Dr. Ali SAK
Oluşturulma Tarihi: Eylül 05, 2011 00:00
NRW eyaletinde SPD, Yeşiller/Birlik koalisayon ortakları ve CDU anlaşarak 2011/2012 eğitim yılından itibaren geçerli olmak üzere okul sisteminde köklü değişiklikler konusunda prensip anlaşması yaptılar.
Varılan anlaşmaya göre:
Herşeyden önce okul politikasında okul sisteminden çok, çocuk ve gençlerin ön planda olduğu vurgulandı. Öğrencilerin temel farklılıkları ve farklı yeteneklerini ön planda tutan ve her öğrenciye kişisel desteği sağlayabilecek bir eğitim sisteminin oluşturulması temel hedefler arasında olduğu vurgulandı. Çocukların sosyal durumu veya kökeni önem taşımadığının ve her öğrenciye kişisel zeka ve potansiyeline göre farklı yaklaşılması gerektiğinin altı çizildi. Temel hedef olarak okul sistemini öğrencilerin farklılıklarına göre yeniden şekillendirmek olduğu ve yeni eğitim sisteminde yol seçiminin çok yönlü olmasının önem taşıdıği vurgulandı.

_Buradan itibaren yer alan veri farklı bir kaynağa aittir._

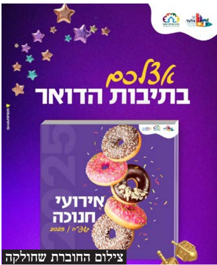
צילום החוברת שחולקה

ביוזמת ראש העיר: עשרות מופעים, סדנאות ואטרקציות לכל המשפחה | "התכנית שגיבשנו כוללת שפע של פעילויות מרתקות לכל בני המשפחה - במחירים נגישים לכל כיס", הדגיש ראש העיר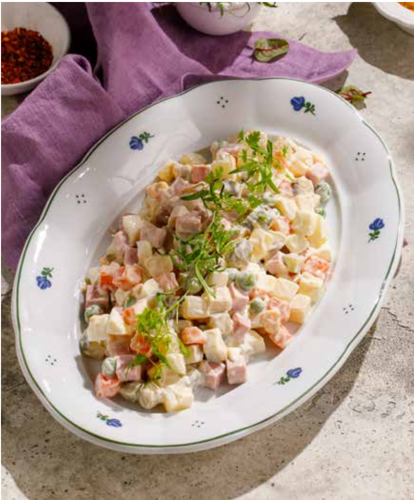
ОЛИВЬЕ С КОЛБАСОЙ HOMEMADE OLIVIER RUSSIAN SALAD WITH SAUSAGE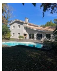
Maison familiale au centre de Pessac – 240 m 2 6 chambres - jardin avec piscine 999 000 € FAI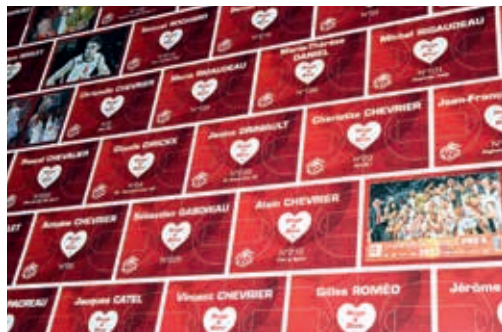
Les plaques des Membres Fondateurs installées à la Meilleraie

Cœur Rouge & Blanc lancera sa saison le jeudi 12 décembre lors d'une soirée de présentation au CBE.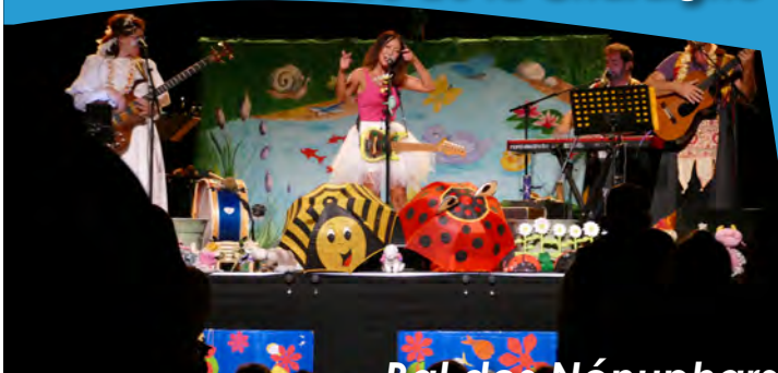
Bal des Nénuphors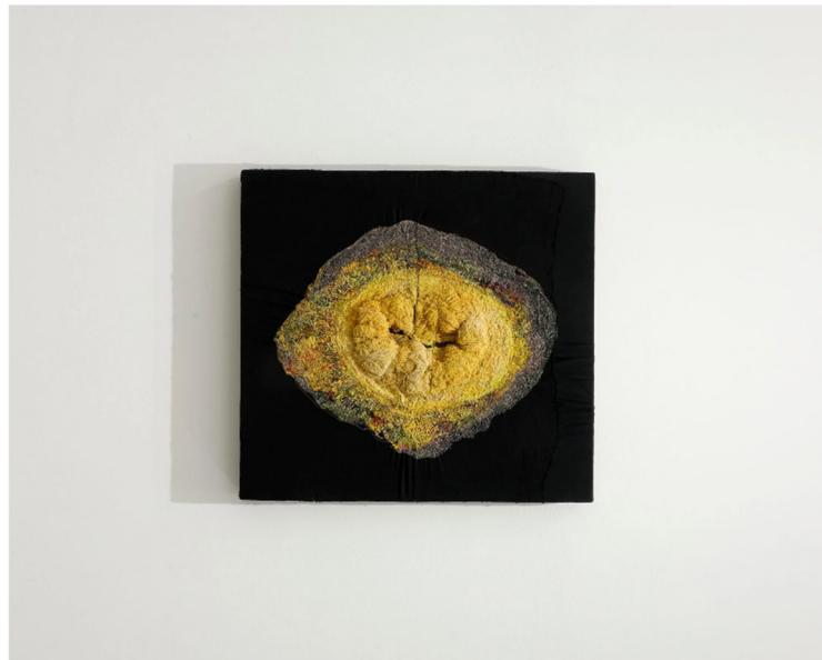
Slika 6 Junko Oki, Lemon 1, 2021.

2017 The 11th shisheido art egg, shisheido art egg award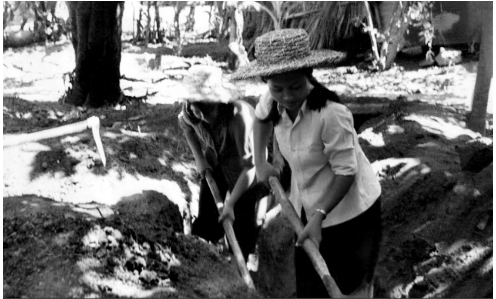
Thầy Cô và Sinh viên đào hầm chống bom trong thời kỳ Mỹ bán phá miền Bắc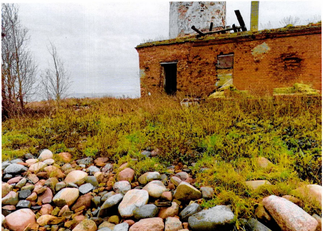
Фото 8. «Маяк с домом на о. Сухо», западный фасад одноэтажного дома.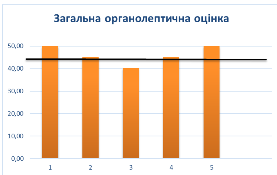
Рисунок 3.3 – Загальна органолептична оцінка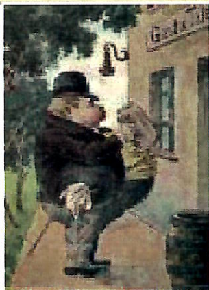
Oderské hospody a šenky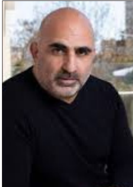
آلون میزراحی، تحلیلگر امنیتی اسرائیلی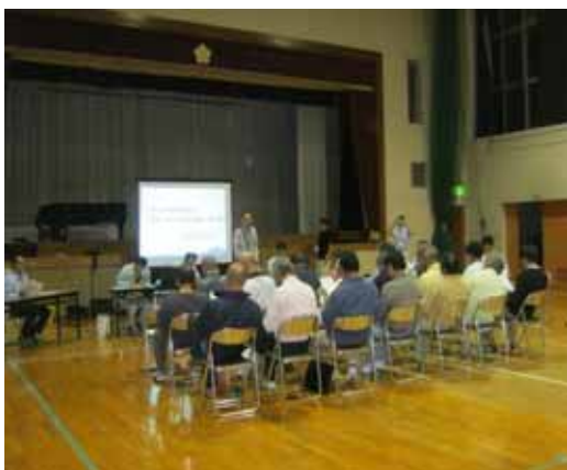
第 1 回地区協議会風景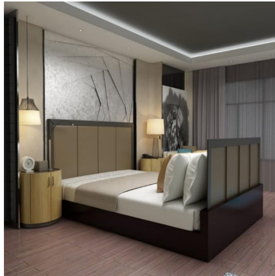
Şekil 6. Yatak başlığı tasarım önerisi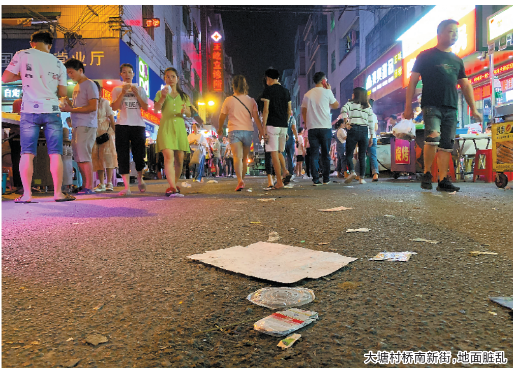
大塘村桥南新街，地面脏乱

羊城晚报在国庆期间曾对广州部分夜经济旺地市容环境保洁不力进行曝光(详见10月4日A3版报道)。被曝光的地区，迅速整改(详见10月14日A6版报道)。连日来，记者继续走访发现，城中还有不少夜间市容环境待改善地区，希望通过精细化的城市管理，让夜经济旺地既兴旺又干净。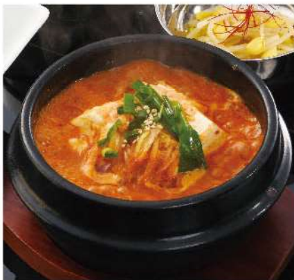
ストゥブチゲランチ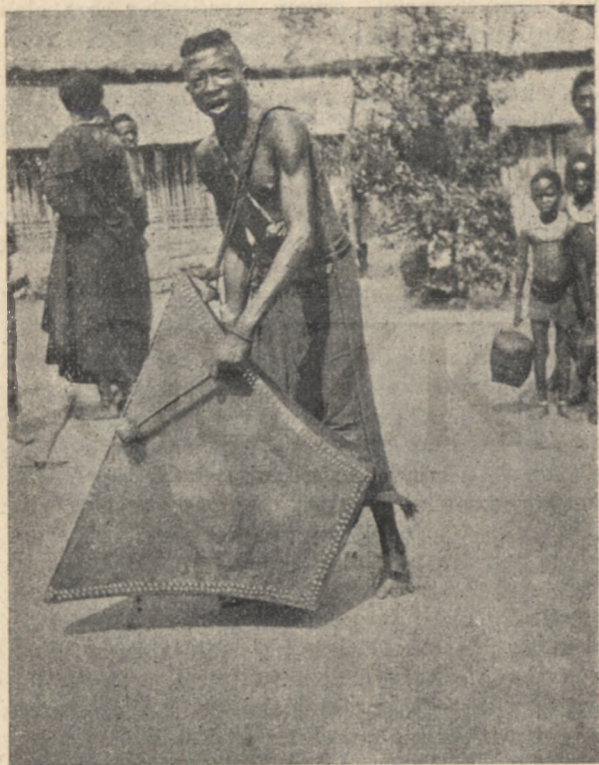
Batetela drótnélküli táviró.

Még amikor a rabszolgakereskedelem megszűnt is az embervásár elnyomásával Amerikában, a gyarmat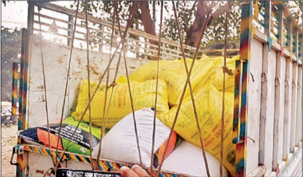
छापेमारी में बरामद किया गया संदिग्ध उर्वरक।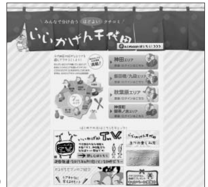
「いいかげん千代田」トップページ

またフェイスブックページでは、ホームページと同じカルガモたちが区内のイベントをいろいろご紹介しています。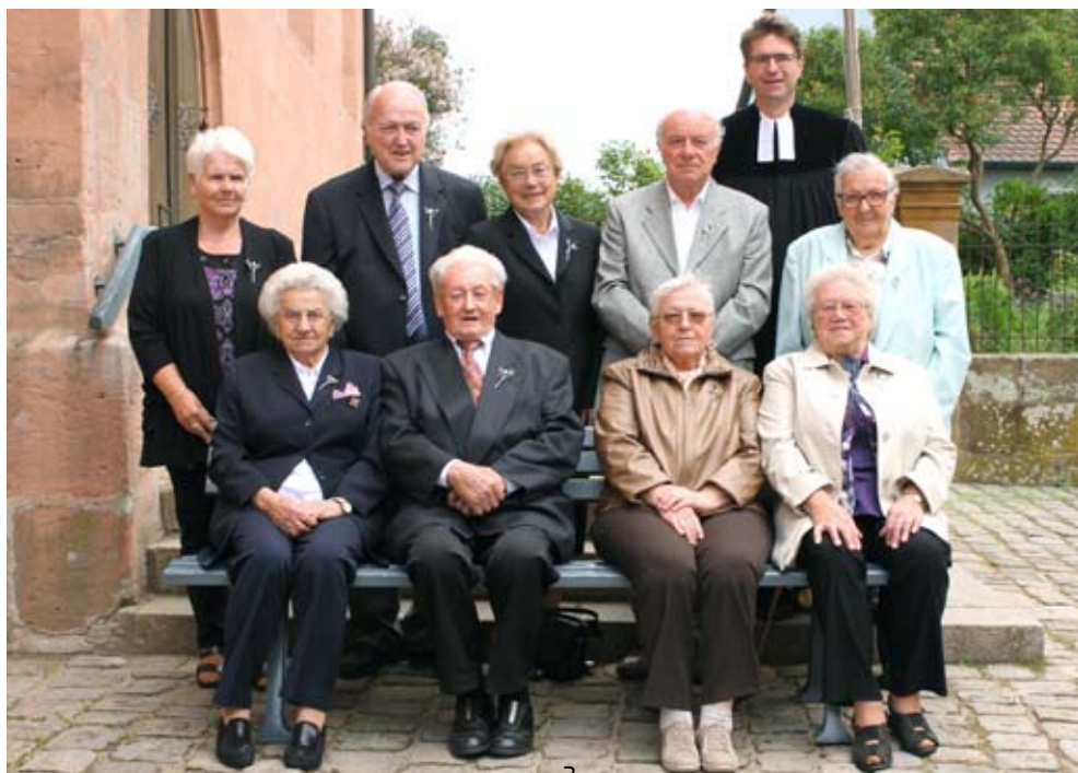
Eiserne (1950-2015) 3 u. Gnaden-Konfirmation (1945-2015)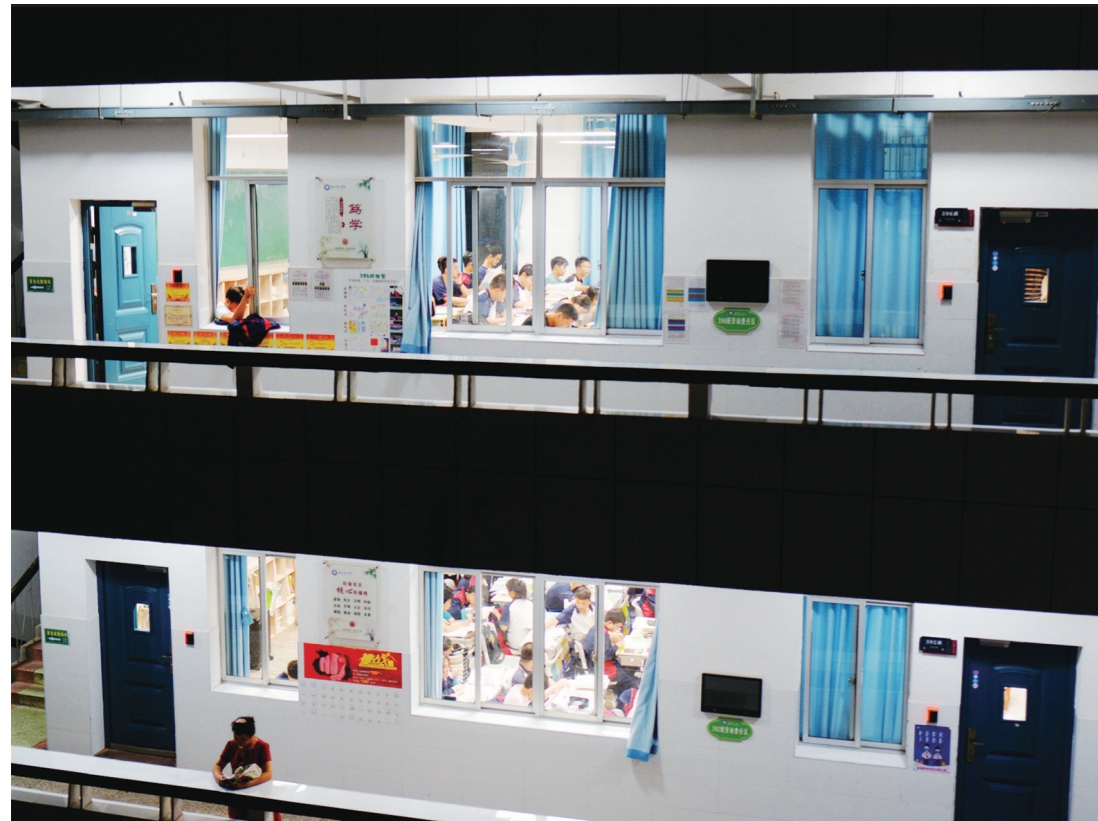
夜幕下,同学们加紧奋战。

Öğrenci sayılarının gerilemesi ve velilerin okul seçimi nedeniyle okullaşma yapısında değişikliğe gidilmesi kaçınılmaz olduğu, bu bağlamda hauptschule denen ortaokulların rağbetten düşmesi nedeniyle de bu okulların eyalet anayasasında vurgulanan devamlılık garantisinin artık bir anlamı kalmadığı sonucuna varılmıştır. Bu nedenledir ki, bu okulların devamlılığını sağlayan anayasal garanti artık kaldırılacaktır. Bunun yerine anayasaya “eyalet hükümeti tüm bölgelerde yeterli ve çeşitlilik bakımından kamuya ait eğitim ve okul sistemini garanti eder”cümlesi eklenecektir. Varılan anlaşmaya göre NRW eyaletinde bundan böyle aşağıdaki okul tipleri olacaktır: ilkokul, gymnasium, realschule, hauptschule, sekundarschule (yeni okul tipi), gesamtschule, meslek kolejleri, ek eğitim kolejleri ve özel destekleme okulları (Förderschule).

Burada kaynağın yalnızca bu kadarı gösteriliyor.